Petitioning for 970 Refund

I didn't sell my 970s and leave NVIDIA as much for performance (although I did see issues in 4k) as I did because I can't stand being lied to.
 
The game choosing to use what's available is directly related to the quality of programming that went into developing the graphical engine. So yes, I can blame the game for using what's available despite not needing to. I don't see half of my Steam library of 180 some odd games maxing out my VRAM just for shits and giggles - the other half I don't see I haven't launched since I bought them so I can't confirm or deny.

It's still pretty shit what nVidia did/is doing - but that only accentuates and perpetuated a problem which has been going on for years now - the PC gaming/enthusiast community is getting the 10 foot pole shoved up its ass all from all different angles.

I don't see how that's lazy programming or the sign of a bad port, it would take extra programming to use what's available instead of just what it needs and it will increase performance as long as the card doesn't have a gimped memory configuration. In what way is extra optimization that benefits other cards poor optimization?

At this point it's getting hard to separate fact from fiction. For instance I have a hard time believing the claims on reddit about it using system memory, but at this point who knows.
 
if nvidia doesn't release a driver/firmware update to make the 970 a 3.5 gb card, is there any chance a third party could?
How exactly would that help? You'd have the exact same problems if the extra 512MB was shut off. You still have to turn the settings down until you are under 3.5GB of VRAM even if they disable that RAM in a BIOS update. So just keep your RAM usage below 3.5GB and you'll have no issues.
 
And no, it doesn't matter those were unrealistically high settings for BF4. The article is proof enough that there will be huge issues when 970's RAM is filled and that is something to be more and more expected as newer games come out.
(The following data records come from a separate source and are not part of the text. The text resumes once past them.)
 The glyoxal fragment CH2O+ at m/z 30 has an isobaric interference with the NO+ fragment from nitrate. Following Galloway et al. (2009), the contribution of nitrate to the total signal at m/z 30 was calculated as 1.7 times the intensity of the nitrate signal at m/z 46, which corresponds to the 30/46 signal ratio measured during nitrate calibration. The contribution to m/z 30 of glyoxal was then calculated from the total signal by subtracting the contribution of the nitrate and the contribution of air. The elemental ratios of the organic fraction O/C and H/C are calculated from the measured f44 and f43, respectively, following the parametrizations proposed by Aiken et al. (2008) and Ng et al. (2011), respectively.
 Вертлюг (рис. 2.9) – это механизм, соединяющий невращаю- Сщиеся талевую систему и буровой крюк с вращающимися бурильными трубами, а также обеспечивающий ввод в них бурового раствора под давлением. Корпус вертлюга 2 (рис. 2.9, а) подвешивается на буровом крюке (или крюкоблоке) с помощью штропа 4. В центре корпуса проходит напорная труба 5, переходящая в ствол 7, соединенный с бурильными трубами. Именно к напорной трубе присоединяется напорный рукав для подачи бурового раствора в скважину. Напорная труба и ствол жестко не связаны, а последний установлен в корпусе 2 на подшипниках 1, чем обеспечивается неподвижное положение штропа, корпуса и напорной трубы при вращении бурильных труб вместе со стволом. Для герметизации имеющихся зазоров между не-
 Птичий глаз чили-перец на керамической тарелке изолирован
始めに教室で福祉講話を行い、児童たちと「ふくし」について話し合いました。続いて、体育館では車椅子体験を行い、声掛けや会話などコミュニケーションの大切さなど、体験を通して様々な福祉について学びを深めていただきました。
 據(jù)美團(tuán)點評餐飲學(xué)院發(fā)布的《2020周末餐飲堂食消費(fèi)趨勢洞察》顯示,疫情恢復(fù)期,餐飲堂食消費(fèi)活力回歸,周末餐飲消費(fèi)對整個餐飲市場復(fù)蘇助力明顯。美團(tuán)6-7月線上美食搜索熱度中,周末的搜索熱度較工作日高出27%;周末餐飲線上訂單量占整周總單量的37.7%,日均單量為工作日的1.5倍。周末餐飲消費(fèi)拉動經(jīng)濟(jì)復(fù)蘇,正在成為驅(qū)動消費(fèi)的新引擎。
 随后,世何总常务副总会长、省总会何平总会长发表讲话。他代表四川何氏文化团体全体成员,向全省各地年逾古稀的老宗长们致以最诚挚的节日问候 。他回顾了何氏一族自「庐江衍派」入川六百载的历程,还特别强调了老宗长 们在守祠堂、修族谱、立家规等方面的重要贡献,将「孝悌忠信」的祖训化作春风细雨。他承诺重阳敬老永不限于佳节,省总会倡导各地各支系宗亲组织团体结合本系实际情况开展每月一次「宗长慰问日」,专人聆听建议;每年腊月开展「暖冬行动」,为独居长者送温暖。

Actually it kind of does matter - nobody expects a pair of $325 graphics cards to drive 18.66 million pixels with that level of detail. Sure, it proves the point shit hits the fan when the VRAM is pushed above its limitation but tell me.....what fucking card doesn't shit the bed when its VRAM is exceeded.

Can somebody with a pair of Titan Blacks go do a frame time analysis at a 5760x3240 resolution and max settings to see if the frame times are still as bad - just so we can eliminate a GPU horsepower versus VRAM variable? Hell I'd even take 780 Ti's or 980s.
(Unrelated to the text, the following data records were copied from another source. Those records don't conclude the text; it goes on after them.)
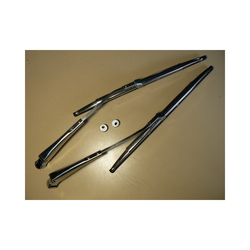 Kit 2 porte-balai (1 courbé gauche + 1 courbé droit) + 2 raclettes + 2 adaptateurs diamètre 5mm avec rainure. Tout inox. Lire description.
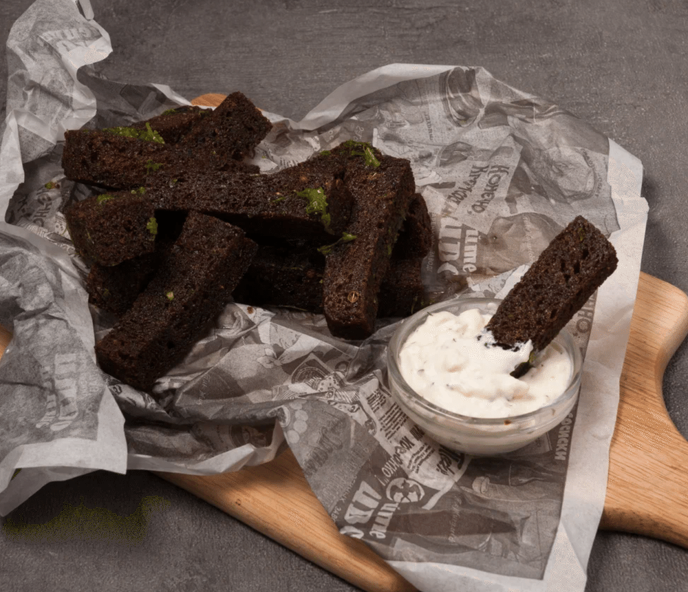 Бородинский хлеб, чесночное масло, соус чесночный
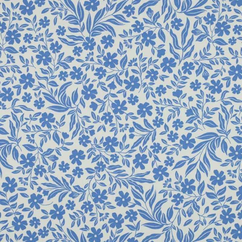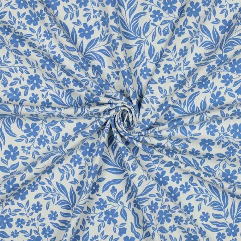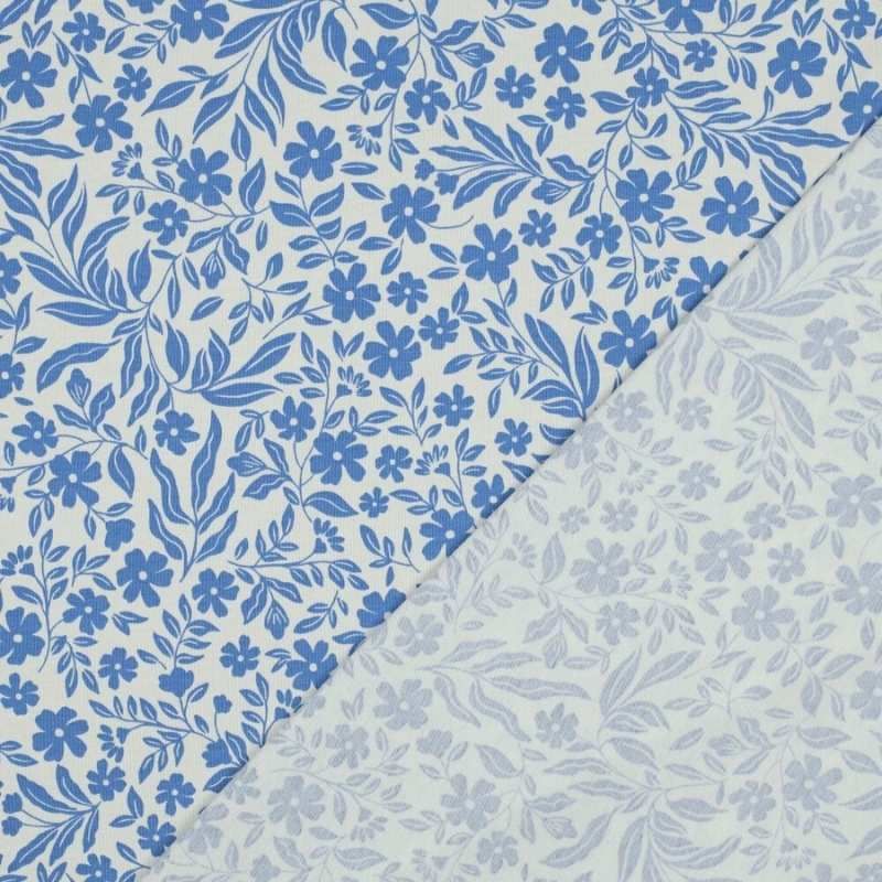 Jersey de coton Oeko-Tex fleuri bleu et blanc cassé
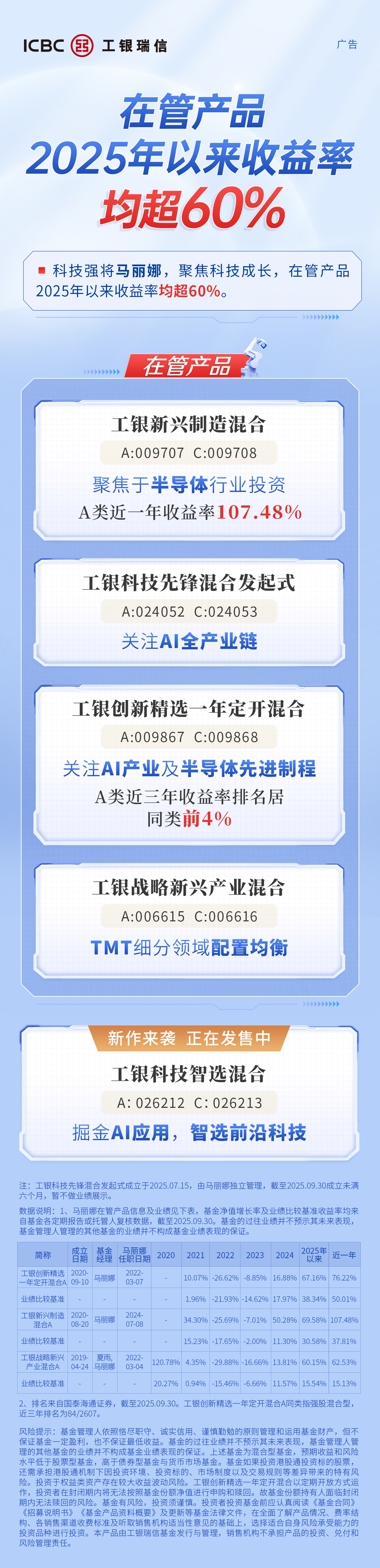 科技强将马丽娜,在管产品2025年以来收益率均超60%!
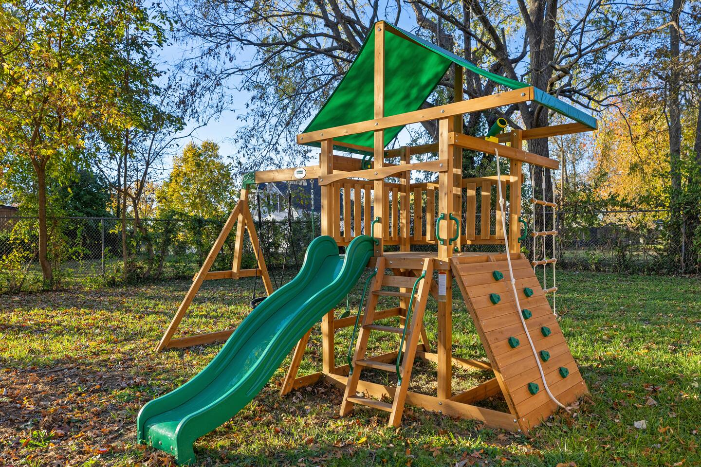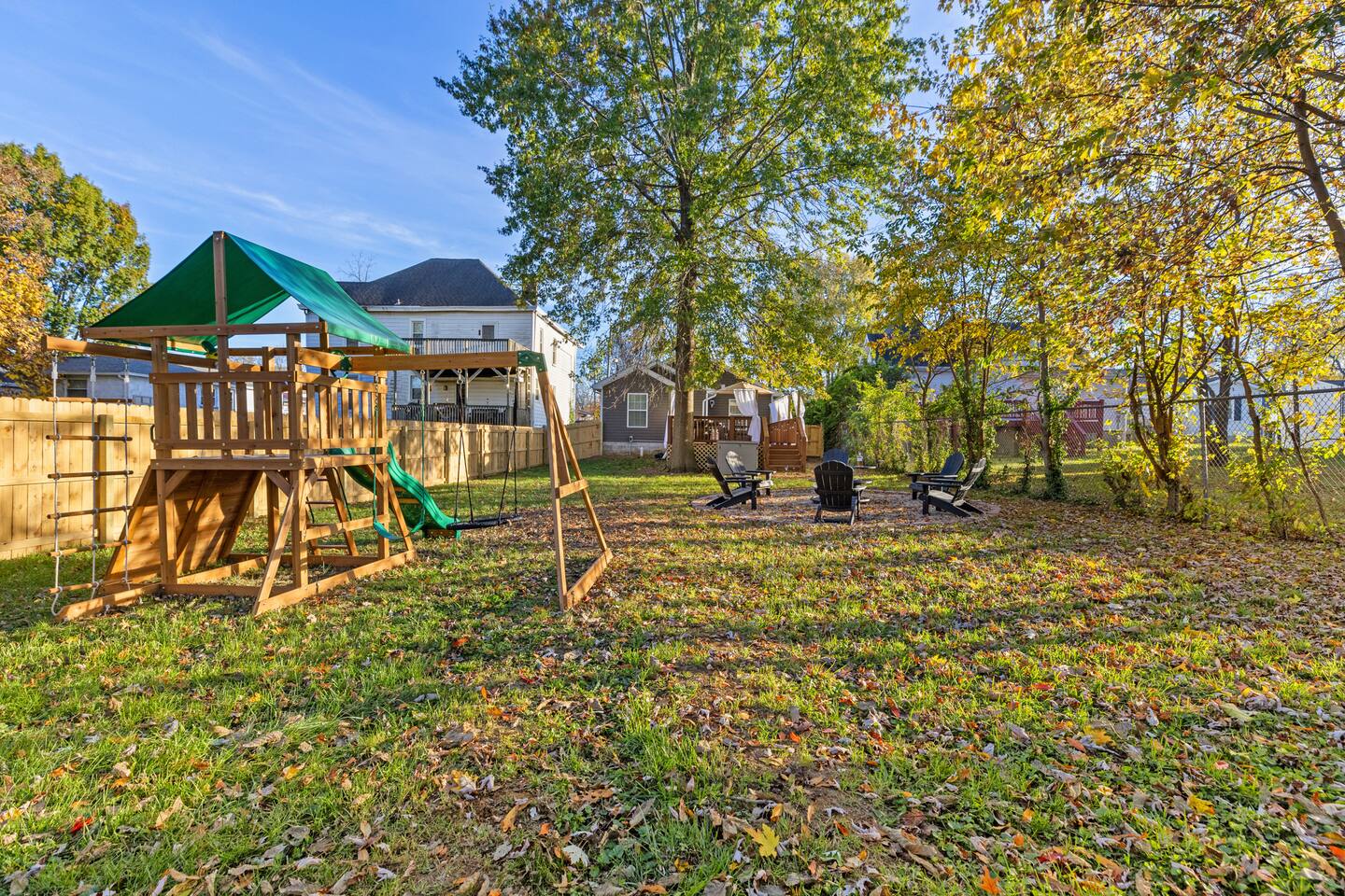 Step into a charming garden-themed bungalow, adorned with delightful decor and featuring plush mattresses in every bedroom. The fully equipped kitchen is ready for all your cooking or entertaining needs. Unwind in the private backyard, where there’s something for everyone—kids can enjoy the playground and explore the backyard wile the adults relax on the porch or in the hot tub.

The article is proof enough that there will be huge issues when 970's RAM is filled and that is something to be more and more expected as newer games come out.

Yes, nVidia misrepresented the shit out of the 970 and it shits the bed 500MB earlier than advertised, the solutions have been offered - either go take part in one and vote with the wallet or stop the senseless rehashing/bitching of the same valid, but invalid points. My earlier point still stands valid though - newer games are memory hogs because of lazy, unoptimized programming and more of our "hardcore" PC master race community need to start saying "fuck you guys, give us a true PC title or we're done"
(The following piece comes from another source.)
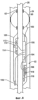 фиг.6. На фиг.8 труба 26 содержит увеличенный кольцевой карман 100, в который помещены электронные устройства и управляемый газлифтный клапан 52 настоящего изобретения. Газлифтный клапан 52 смонтирован в трубах и не может вводиться и восстанавливаться путем приклеивания через оправку 70 на фиг.6 (то есть “транспортироваться по трубам”). Управляемый клапан 52 на фиг.8 содержит заземляющий провод 102 (аналогичный заземляющему проводу 66 на фиг.6), который является изолированным пропускным проводом для присоединения к дуговому токоприемнику 61 централизера, заземленному на обсадную колонну 24. Электронный модуль 106 соединен коммуникациями и источниками энергии с трубами 26 через энергетическую и сигнальную перемычку 104. Снабженный приводом от электродвигателя клапан 108 схематически показан, но работает аналогично показанному на фиг.7 для управления оперативной коммуникацией кольцевого пространства между трубами 26 и обсадной колонной 24 во внутреннем пространстве труб 26. Аналогично с фиг.7 обеспечивается реверсивный клапан 110.
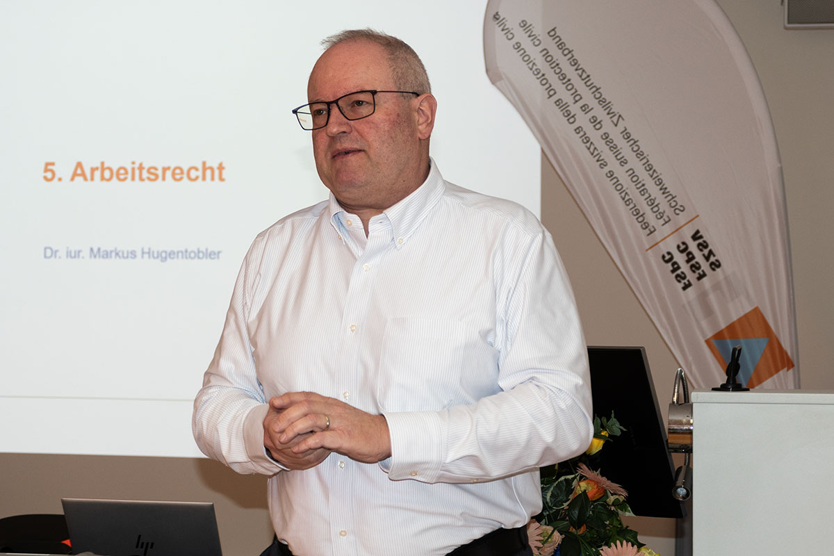 Als Fazit machte er fest: Der Zivilschutz-Dienst bewirkt zwar eine zwingende Freistellungspflicht des Arbeitgebers, jedoch keinen Anspruch auf arbeitsrechtliche Kompensation. «Er suspendiert die Arbeitspflicht, aber nicht die Fürsorgepflicht», so Hugentobler. Haftungsrechtlich entscheidend sei nicht der Einsatz selbst, sondern die betriebliche Reaktion darauf. Oder wie er sich ausdrückt: «Der Zivilschutz funktioniert nur im Zusammenspiel zwischen Staat, Arbeitgebern und Schutzdienstleistenden. Das Recht gibt den Rahmen vor, die Praxis verlangt Kooperation, Vernunft und Prävention.»

There are already games out there that show the very same thing at 1080p.

And those are the games we shouldn't be buying because it promotes lazy development in one way or another and forces us as consumers to care about VRAM - which is arguably one of the more expensive parts of a GPU and an easy way to justify a price hike.

I don't see how that's lazy programming or the sign of a bad port

It's a few dozen lines of well written code to have the architecture/subsystem seek out available resources and use what's not in use. It's a few hundred or a few thousands lines of well written code to actually use a smaller amount of resources more efficiently. It's night and day difference.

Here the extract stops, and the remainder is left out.